Stored items
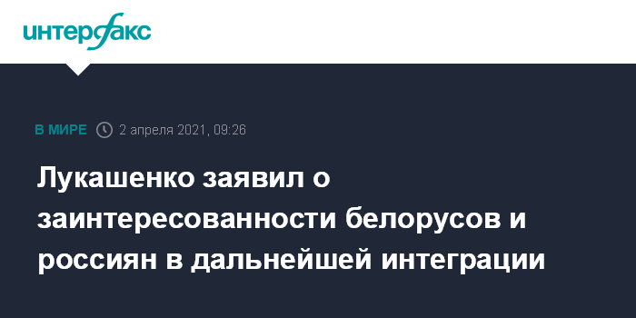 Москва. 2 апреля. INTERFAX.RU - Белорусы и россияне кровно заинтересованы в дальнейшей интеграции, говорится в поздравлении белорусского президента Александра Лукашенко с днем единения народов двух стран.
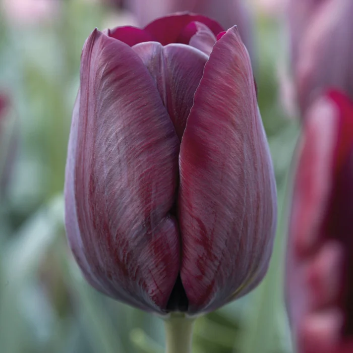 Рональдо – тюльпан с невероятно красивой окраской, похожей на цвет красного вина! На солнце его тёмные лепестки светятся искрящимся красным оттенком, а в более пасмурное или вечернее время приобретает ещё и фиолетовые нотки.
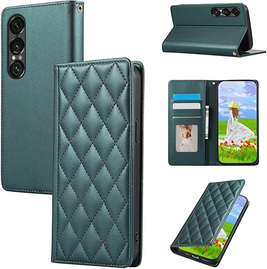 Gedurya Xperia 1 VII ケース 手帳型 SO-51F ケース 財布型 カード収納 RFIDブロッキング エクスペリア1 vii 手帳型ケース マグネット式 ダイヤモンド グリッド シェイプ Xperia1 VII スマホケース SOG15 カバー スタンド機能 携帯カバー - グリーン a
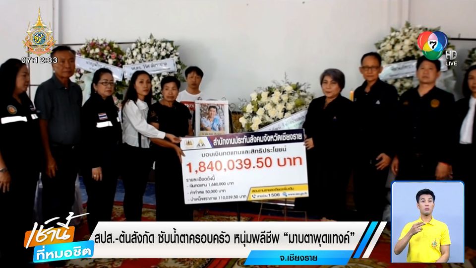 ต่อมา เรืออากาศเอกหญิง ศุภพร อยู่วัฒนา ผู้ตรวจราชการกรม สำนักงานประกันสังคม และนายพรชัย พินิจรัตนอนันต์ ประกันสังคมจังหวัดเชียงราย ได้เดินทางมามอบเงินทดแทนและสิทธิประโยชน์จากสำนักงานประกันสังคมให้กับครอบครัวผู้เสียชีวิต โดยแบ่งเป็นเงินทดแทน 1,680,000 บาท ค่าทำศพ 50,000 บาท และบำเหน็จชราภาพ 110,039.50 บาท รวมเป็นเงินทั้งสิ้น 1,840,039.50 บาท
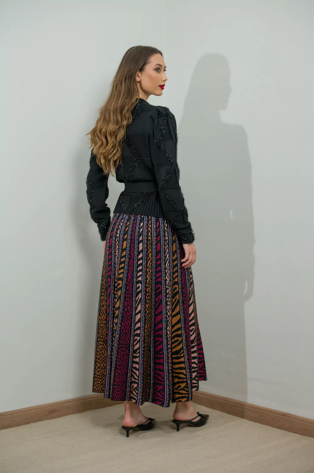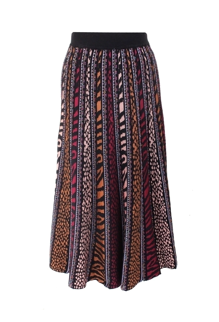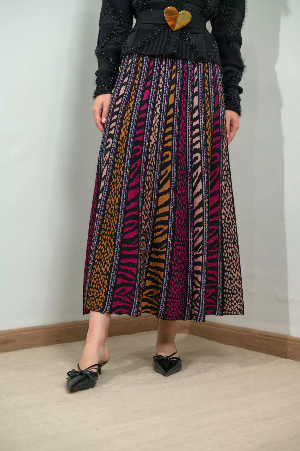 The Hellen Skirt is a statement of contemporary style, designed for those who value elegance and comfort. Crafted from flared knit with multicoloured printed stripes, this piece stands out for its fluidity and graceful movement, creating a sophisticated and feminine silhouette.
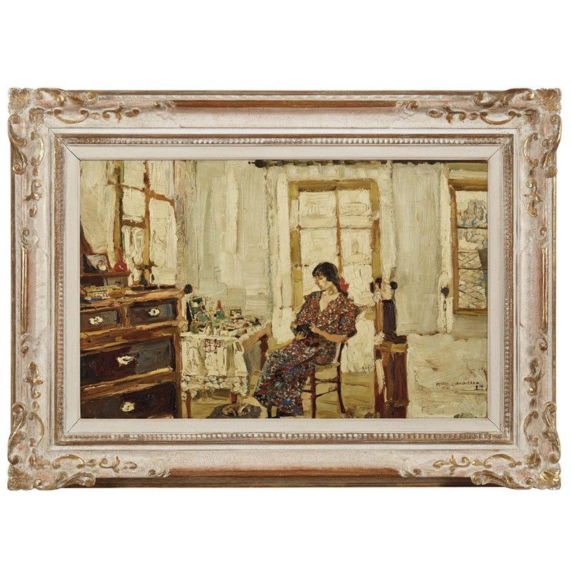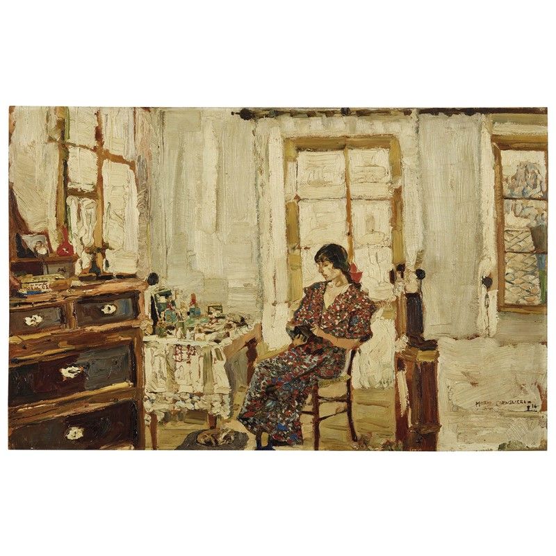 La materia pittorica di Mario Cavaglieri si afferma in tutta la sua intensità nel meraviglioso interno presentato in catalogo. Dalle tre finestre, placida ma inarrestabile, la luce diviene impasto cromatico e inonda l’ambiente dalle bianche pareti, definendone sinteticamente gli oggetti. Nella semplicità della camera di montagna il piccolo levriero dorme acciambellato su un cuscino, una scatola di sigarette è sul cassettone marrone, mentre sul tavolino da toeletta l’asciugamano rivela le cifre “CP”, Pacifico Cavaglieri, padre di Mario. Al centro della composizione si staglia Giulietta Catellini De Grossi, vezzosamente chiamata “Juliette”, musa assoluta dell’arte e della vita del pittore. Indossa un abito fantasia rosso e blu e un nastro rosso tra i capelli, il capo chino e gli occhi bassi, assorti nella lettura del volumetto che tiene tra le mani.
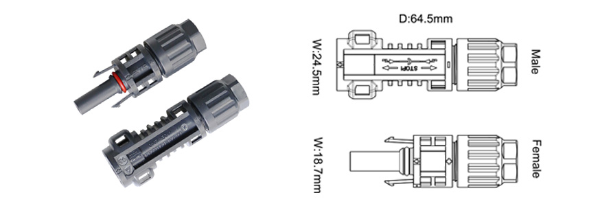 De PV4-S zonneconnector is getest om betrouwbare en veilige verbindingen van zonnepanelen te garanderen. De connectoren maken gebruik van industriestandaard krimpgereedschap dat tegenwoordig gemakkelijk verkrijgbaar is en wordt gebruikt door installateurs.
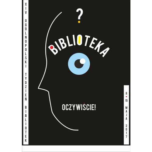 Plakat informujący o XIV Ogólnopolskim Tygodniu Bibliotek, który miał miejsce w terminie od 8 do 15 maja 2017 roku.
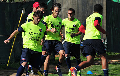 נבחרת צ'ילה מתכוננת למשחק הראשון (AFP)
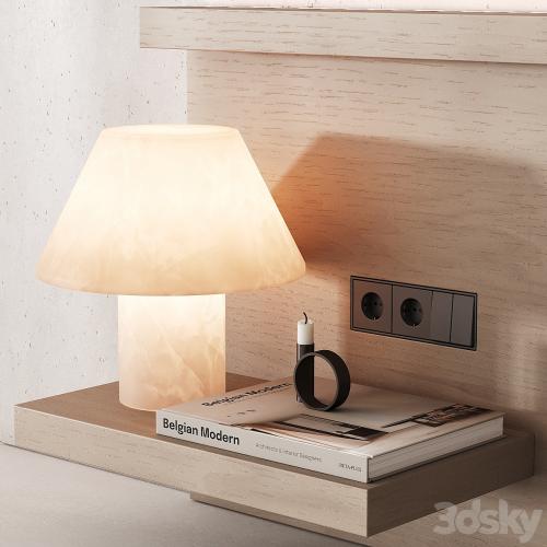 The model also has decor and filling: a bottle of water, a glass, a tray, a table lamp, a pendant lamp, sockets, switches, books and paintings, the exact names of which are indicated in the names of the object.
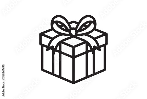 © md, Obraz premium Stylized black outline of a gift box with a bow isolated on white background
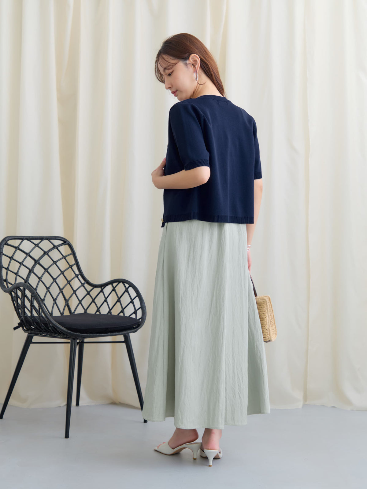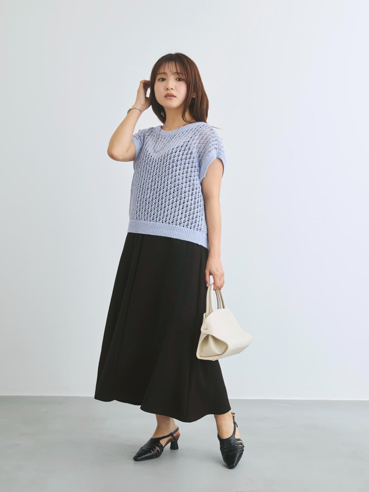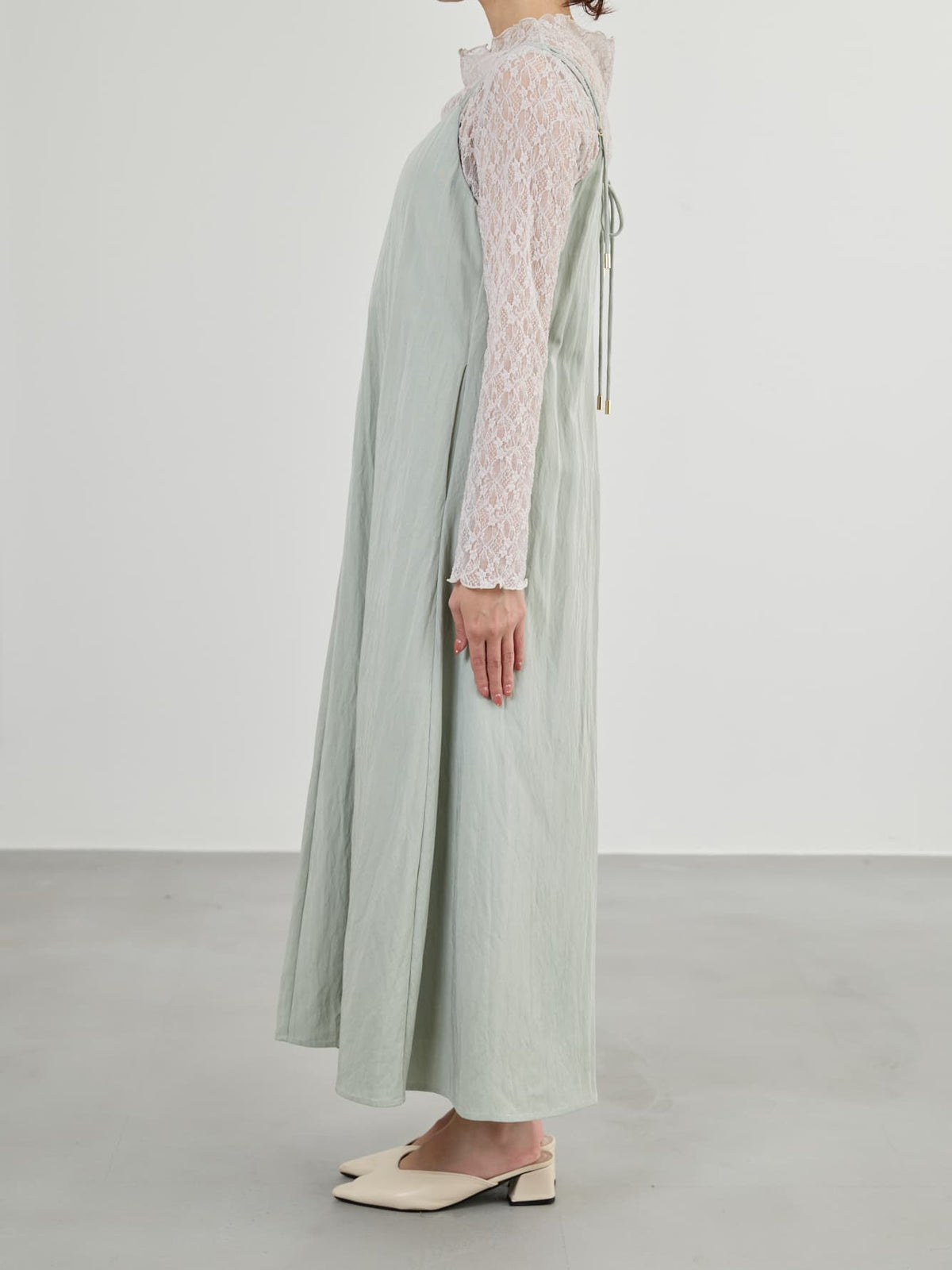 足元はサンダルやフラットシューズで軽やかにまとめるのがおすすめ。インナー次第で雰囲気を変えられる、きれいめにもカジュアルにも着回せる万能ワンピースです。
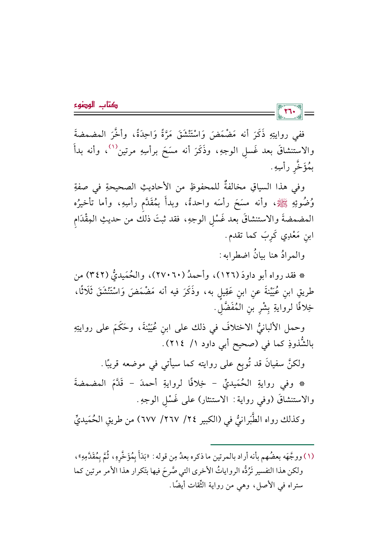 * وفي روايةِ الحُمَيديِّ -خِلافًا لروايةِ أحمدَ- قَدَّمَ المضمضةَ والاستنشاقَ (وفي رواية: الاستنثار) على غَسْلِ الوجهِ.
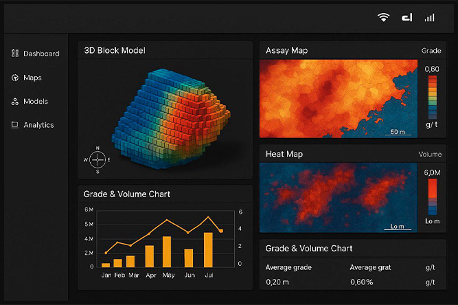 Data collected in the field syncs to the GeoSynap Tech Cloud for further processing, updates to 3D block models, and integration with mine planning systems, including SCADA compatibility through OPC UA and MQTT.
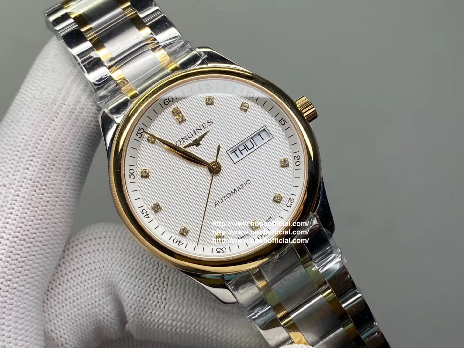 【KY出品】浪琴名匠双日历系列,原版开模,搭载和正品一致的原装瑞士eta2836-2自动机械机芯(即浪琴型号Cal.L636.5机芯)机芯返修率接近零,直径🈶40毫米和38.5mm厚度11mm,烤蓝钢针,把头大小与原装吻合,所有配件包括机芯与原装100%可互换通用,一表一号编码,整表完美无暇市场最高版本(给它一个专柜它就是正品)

▶ [WHAT YOU ARE ASKED TO DO]
Using the records above, return word for word the lines that begin at the one containing "on white background" and end at the one containing "على غَسْلِ الوجهِ.", both of them included and no pictures.

▶ [REPLY TO THE EXERCISE]
 © md, Obraz premium Stylized black outline of a gift box with a bow isolated on white background
 足元はサンダルやフラットシューズで軽やかにまとめるのがおすすめ。インナー次第で雰囲気を変えられる、きれいめにもカジュアルにも着回せる万能ワンピースです。
 * وفي روايةِ الحُمَيديِّ -خِلافًا لروايةِ أحمدَ- قَدَّمَ المضمضةَ والاستنشاقَ (وفي رواية: الاستنثار) على غَسْلِ الوجهِ.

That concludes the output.